I have a photo of me aged about 16. A black and white portrait; head and my naked chest. There is no smile, no pout, instead a penetrating stare directly back at the viewer. Look closely and the photo reveals my lop sided breast, a result of Poland Syndrome.
Puberty hit me at 10/ 11, quickly revealing differences in the way I was growing to the other girls. For me my Poland’s meant only one breast, the easier end of this rare congenital disease. For others the condition is evident from birth, with missing or undeveloped chest muscles, or/and the shoulder, arm and hand might be involved.
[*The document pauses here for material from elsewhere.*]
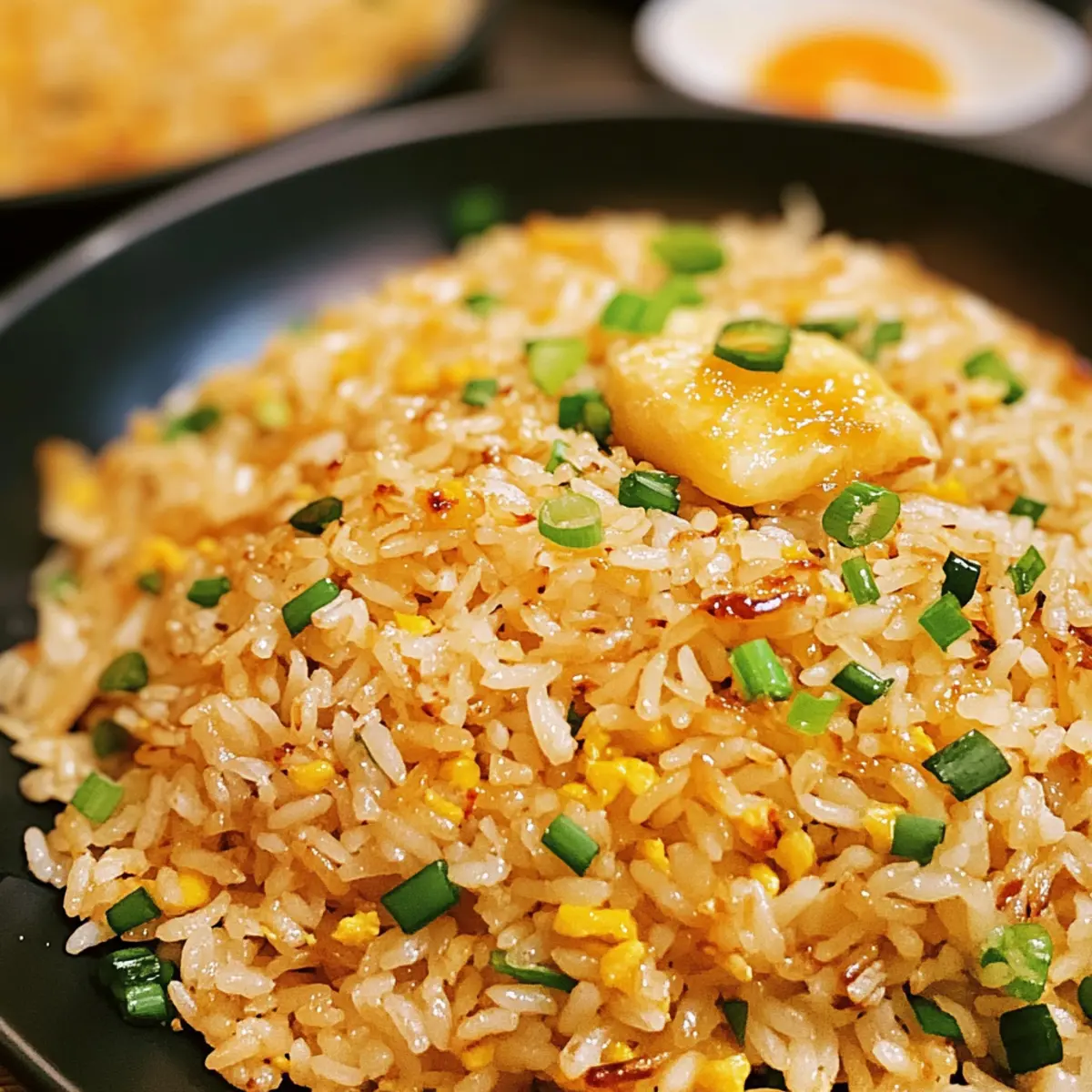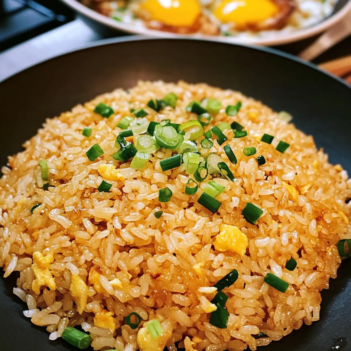 Die sämige Köstlichkeit von Knoblauchbutter Bratreis zaubert mir sofort ein Lächeln ins Gesicht! Diese schmackhafte Speise bringt den verführerischen Duft von frisch angebratenem Knoblauch und zarten Frühlingszwiebeln in meine Küche und ist in nur 20 Minuten zubereitet – perfekt für hektische Abende. Was mich an dieser vegetarischen Delikatesse wirklich begeistert, ist ihre Vielseitigkeit: Man kann sie mit verschiedenen Proteinen wie Hähnchen, Garnelen oder Schweinefleisch anpassen, sodass jeder Biss ein neues Geschmackserlebnis bietet. Zudem eignet sich Knoblauchbutter Bratreis hervorragend für Meal Prep, da er auch am nächsten Tag noch köstlich schmeckt! Was würdet ihr gerne zu eurem persönlichen Bratreis hinzufügen? Warum wird dieser Bratreis dein Favorit? Einfachheit: In nur 20 Minuten zubereitet, ist dieser Knoblauchbutter Bratreis die ideale Lösung für schnelle Abendessen. Köstlicher Geschmack: Die Kombination aus frisch angebratenem Knoblauch und zarten Frühlingszwiebeln sorgt für eine Aromenexplosion. Vielseitigkeit: Perfekt anpassbar mit verschiedenen Proteinen – egal ob Hähnchen, Garnelen oder sogar Tofu, jeder Biss wird zum Genuss. Meal Prep-freundlich: Unser Bratreis bleibt auch am nächsten Tag frisch und lecker, ideal für die Arbeitswoche. Zufriedenstellend: Die warme, wärmende Textur erinnert an heimische Küche und wird bei jeder Gelegenheit zum Hit bringen! Probiere es aus und füge deine Lieblingszutaten hinzu für noch mehr Genuss! Knoblauchbutter Bratreis Zutaten • Hinweis: Hier sind die köstlichen Zutaten für deinen Knoblauchbutter Bratreis, der in nur 20 Minuten zubereitet werden kann! Für den Bratreis • Kalte, gekochte Reis – Verwende am besten Tag-old Reis, um die ideale Textur zu erzielen. • Knoblauch – Frisch gehackter Knoblauch sorgt für das beste Aroma und Geschmack. • Butter (gesalzen) – Verleiht Cremigkeit und verstärkt den Geschmack; für eine vegane Alternative kann Kokosöl verwendet werden. • Öl – Neutraler Öl hilft beim Braten und sorgt für eine knusprige Textur; kann durch jedes andere geschmacksneutrale Öl ersetzt werden. • Frühlingszwiebel – Die zarten grünen Spitzen werden zum Garnieren verwendet, die weißen Teile zum Kochen. • Eier – Sie bringen eine reiche Textur; die Eigelbe werden mit dem Reis vermischt und sorgen für eine schöne Farbe. • Sojasoße – Fügt Tiefe und ein wenig Salzigkeit hinzu; Tamari kann für eine glutenfreie Variante verwendet werden. • Weißer Pfeffer – Gibt eine milde Schärfe; schwarzer Pfeffer ist ein guter Ersatz, falls nötig. Für zusätzliche Zutaten • Gemüse – Erweitere dein Gericht mit Erbsen, Karotten oder Paprika für mehr Nährstoffe. • Proteine – Füge Hähnchen, Garnelen oder Tofu hinzu, um dein Gericht zu vervollständigen. Schritt-für-Schritt-Anleitung für Knoblauchbutter Bratreis Step 1: Eier vorbereiten Trenne die Eigelbe von den Eiweißen und verrühre die Eigelbe gründlich mit dem kalten, gekochten Reis. Würze die Mischung mit einer Prise Salz. Diese Basis sorgt dafür, dass der Knoblauchbutter Bratreis eine reiche Textur erhält und beim Braten schön gefärbt wird. Step 2: Aromaten anbraten Erhitze eine große Pfanne bei mittlerer Hitze und füge die Butter sowie etwas Öl hinzu. Sobald die Butter geschmolzen ist und beginnt zu brutzeln, gib den frisch gehackten Knoblauch und die weißen Teile der Frühlingszwiebel hinzu. Brate diese für 2-3 Minuten an, bis sie aromatisch und leicht goldbraun sind. Step 3: Eiweiße zubereiten Schiebe den Knoblauch zur Seite und gib die geschlagenen Eiweiße in die Pfanne. Lass sie für etwa 20 Sekunden stocken, bevor du sie sorgfältig verrührst und leicht anbrätst, bis sie fest sind. Dies stellt sicher, dass der Knoten des Knoblauchbutter Bratreis perfekt mit Ei verbunden ist. Step 4: Reis kombinieren Füge nun die Ei-beschichtete Reis-Mischung, die Sojasauce und den weißen Pfeffer in die Pfanne hinzu. Erhöhe die Hitze auf hoch und brate alles für 2-3 Minuten, während du gut umrührst, damit die Aromen sich verbinden und der Reis leicht knusprig wird. Step 5: Mit Frühlingszwiebeln vollenden Integriere die restlichen grünen Teile der Frühlingszwiebel in die Pfanne und brate alles für weitere 1-2 Minuten, bis der Knoblauchbutter Bratreis durchgewärmt und leicht knusprig ist. Achte darauf, dass alle Zutaten gleichmäßig verteilt und die Farben leuchtend sind. Was passt gut zu Knoblauchbutter Bratreis? Die perfekte Ergänzung zu deinem Knoblauchbutter Bratreis macht jedes Essen zu einem unvergesslichen kulinarischen Erlebnis. Knusprige Gemüsepfanne: Leicht angebratenes Gemüse bringt frische Textur und Farbvielfalt auf den Teller. Diese knackigen Beilagen harmonisieren perfekt mit dem cremigen Reis. Gegrillte Hähnchenbrust: Saftiges, gegrilltes Hähnchen fügt reichhaltigen Geschmack und Protein hinzu, wodurch dein Gericht sättigender wird. Ideal für ein vollwertiges, nahrhaftes Abendessen. Frisch gebratene Tofuwürfel: Eine hervorragende vegetarische Proteinquelle, die die Aromen des Bratreises aufnimmt und eine herzliche, zufriedenstellende Textur schafft. Perfekt für eine ausgewogene Mahlzeit. Schmackhafte Frühlingsrollen: Knusprige Frühlingsrollen ergänzen den weichen Bratreis ideal, während sie für zusätzlichen Crunch sorgen. Sie werden deine Gäste begeistern! Ein frischer Gurkensalat: Ein leichter, erfrischender Gurkensalat bringt eine knackige Kühle mit und sorgt für einen herrlichen Kontrast zur warmen Reisfolie. Eisgekühlter grüner Tee: Ein erfrischendes Getränk, das die Aromen deines Gerichts schön ausbalanciert und für Entspannung sorgt. Der Grüntee vervollständigt das asiatische Flair deines Menüs. Knoblauchbutter Bratreis Variationen Lass deiner Kreativität freien Lauf und passe dieses Gericht genau nach deinem Geschmack an! Vegetarisch: Mixe frisches Gemüse wie Erbsen, Karotten oder Paprika hinein, um mehr Nährstoffe und Farben hinzuzuf

Like many other people with Poland Syndrome I had no idea of what it was, or why I had it. In puberty I even wondered if it was my own fault- my nipples had itched as they developed, I worried did I itch them to much? (The nipple on the flat side looked broken up)
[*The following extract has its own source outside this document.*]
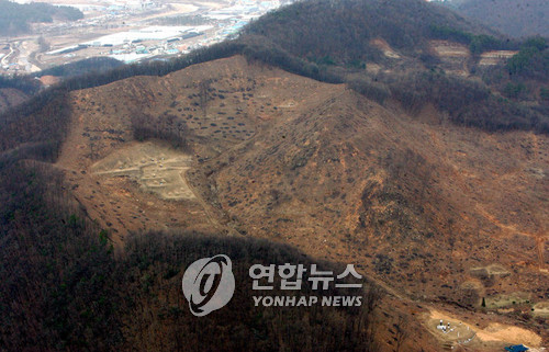 '하늘에서 내려다 본 재선충 광주' -연합뉴스 숲 8만여 평 초토화..축구장 20여개 민둥산 변해 재선충에 습격당한 경기 광주 (광주=연합뉴스) 김도윤 기자 = 재선충병에 감염된 것으로 확인된 경기도 광주시 초월읍 늑현리 일대 잣나무림이 벌목 작업으로 숲 일부를 도려낸 것처럼 나무들이 잘려나간 채 그루터기만 덩그러니 남아 있다.<<전국부 기사 참조>> kyoon@yna.co.kr (끝) (광주=연합뉴스) 김도윤 기자 = 잣나무 재선충은 도로변 야트막한 야산을 삽시간에 민둥산으로 초토화시킬 정도로 위력적이었다. 얼마 전까지만 해도 5-15m 높이로 빽빽하게 들어서 있던 잣나무와 소나무 등 키 큰 나무들은 모두 벌목돼 밑동만 남긴 채였고 주변에 있던 키 작은 관목과 가지들도 흔적 없이 베어져 이 곳이 언제 울창한 숲이었는지 알 길이 없었다. 50-60년 동안 녹색 전령으로 이 곳을 묵묵히 지켜왔지만 재선충 앞에 모두 사라지고 만 것이다. 정부 차원의 종합대책이 발표된 26일 연합뉴스 기자는 정밀 항공예찰에 나선 광주시 임대 헬기에 동승해 국내는 물론 세계에서 처음 잣나무 재선충 감염목이 확인된 경기도 광주시 초월.오포읍과 중대동 일대를 돌았다. 하늘에서 내려다 본 광주시는 경안천을 사이로 높고 낮은 산들이 이미 봄기운에 젖어 푸른 옷을 뽐내고 있었다. 그러나 그도 잠시, 중부고속도로를 따라 남쪽으로 초월읍 늑현리를 지날 무렵 우측으로 벌거숭이산이 눈에 들어 왔다. 동행한 광주시청 담당 공무원은 "이 일대 잣나무에서 재선충이 발견돼 지난 1월 감염목 주변의 높이 10m 이상 되는 나무들을 모두 베어냈기 때문"이라고 설명했다. 맞은 편 야산 역시 숲 일부를 도려낸 것처럼 나무들이 잘려 나간 채 그루터기만 덩그러니 남아 있었고 국도 43호선 주변 오포읍 문형리 야산의 한쪽 면은 푸른 잣나무 대신 시뻘건 흙에 까만 점들만 박혀 있었다. 이 곳 역시 재선충 의심 나무를 베어 내 민둥산이 된 뒤 그루터기가 태워졌기 때문이다. 광주시의 경우 지난해 말 초월읍.중대동에서 세계에서 처음으로 잣나무 7그루가 재선충병에 감염된 것으로 확인된 이후 모두 308그루가 감염돼 주변 잣나무림 27㏊(8만여 평) 2만5천여 그루가 베어져 사라졌다. 축구장 20개가 넘는 면적이다. 특히 생물종이 단순한 잣나무림은 베어지는 즉시 이 처럼 잔디와 목초만 남아 민둥산이 돼 버리고 녹지자연도도 10등급 중 상위 등급에서 최하위권인 2등급으로 뚝 떨어져 버린다. 재선충은 이렇듯 도심 허파 기능을 하는 자연녹지가 순식간에 파괴돼 생태계를 교란하는 심각한 후유증을 남겼다. 담당 공무원은 "재선충병 조사 당시 잣나무에 난 구멍은 5㎜에 불과했는데 산림에 이렇게 큰 구멍을 낼 준 몰랐다"며 "재선충의 위력을 실감했다"고 털어놨다. 경기 광주에서 출발한 잣나무 재선충은 지금 남양주로, 강원도 춘천과 원주로 확산되면서 산림당국을 초긴장 상태로 몰아넣는 상황이 전개되고 있다. 폐허를 뒤로 하고 광주시청으로 돌아서는 헬기의 굉음은 "만일 다른 수종에도 재선충병이 확산되면 우리나라 산림은 그야말로 황폐화되는 것 아니냐"는 담당 공무원의 걱정이 기우에 그치기를 바라는 듯 했다.
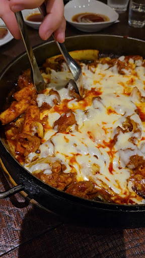 All of it was delicious and flavorful, we especially enjoyed the dak galbi for the balance of cheese and spices (but it wasnt too spicy!). Look at the cheese pull, we had an ample amount of both chicken and tteokbokki in it. Everything was split between 5 people making it very reasonable for everyone!

My mum knew about my lopsided breasts, and was supportive, it was just the way I was. Primary School was a different thing, I was teased, songs were made up about me, I was made to feel other, different, a freak.
My mum managed to find me a cone shaped foam insert for my bra, I went to a secondary school where nobody knew me, and somehow I managed to disguise myself and my breast. The teasing was for different things now!
Aged 15, I was in a relationship with my first proper boyfriend. Like every boyfriend since I don’t remember him flinching or reacting oddly when he saw me naked. Boyfriends/partners have shown curiosity, but have never been rude. Sadly I know of some women with the condition today who are worrying about how their partners are going to react when they see them naked.
It’s difficult to pin down how the condition has affected me as I’ve grown up. As a late teen and in my early 20s, I consciously revealed my whole body on a nudist beach in Cornwall, a bit of a F*** you rebellion. But it was a complex relationship with my body, like so many people I’ve never had a good confident sense of body image.
In my late teens, a doctor explained that I could have a breast augmentation operation for the affected breast to even them out. It wasn’t until my mid 20s until I decided to find out more. 30 years later, just before Christmas I had my 5th breast operation. Somehow I didn’t take on board when I had my first operation that the implants wouldn’t last for ever- I guess when your in your 20s, ten to fifteen years seems a long time away. My first 3 implants were silicon and saline based, when they end their lifespan the first thing I knew about it was a ruptured implant, shown up on a breast scan. The silicon escapes from the chest, and moves around the body, and can be quite uncomfortable, some people are worried and campaigning about the potential health issues of silicon implants and are having them removed.
Two of my implant operations have resulted in capsular contracture, when a tissues capsule forms that is hard and dense, it’s painful and distorts the shape. Just before Christmas I had my first fat transfer breast augmentation, I will have a follow up operation later this year. It’s the first natural looking and feeling breast I’ve had on that side.
I’ve managed to breast feed both my children on the unaffected breast, in fact one of the surgeons explained that I was born with twice the normal milk ducts in that breast, strangely and wonderfully preparing my body for breast feeding.
In all of the years of operations I only remember once a surgeon mentioning that I might have slight Poland Syndrome, and that was a passing comment. Thanks to the Poland Syndrome charity PIP, awareness and support for people with this rare condition is slowly improving. Through the organisation I can now say with confidence that I have Poland Syndrome, and even meet for the first time other people with the condition.
My own story inspired my current art project, ‘Comfort’, that investigates our relationships with our breasts. In every workshop I do, I share my story of Poland Syndrome, each time I do, I feel less embarrassed sharing something I’ve hidden for so many years. Around 100 women and teens will create embroideries for the Comfort quilt, and the quilt will be exhibited in a tour later this year. Each participant and audience member will go away also knowing about the condition. In turn, they can spread the word of the condition, share a bit of comfort to a friend or family member who couldn’t put a name to why their breast hadn’t developed… and feel a little less alone.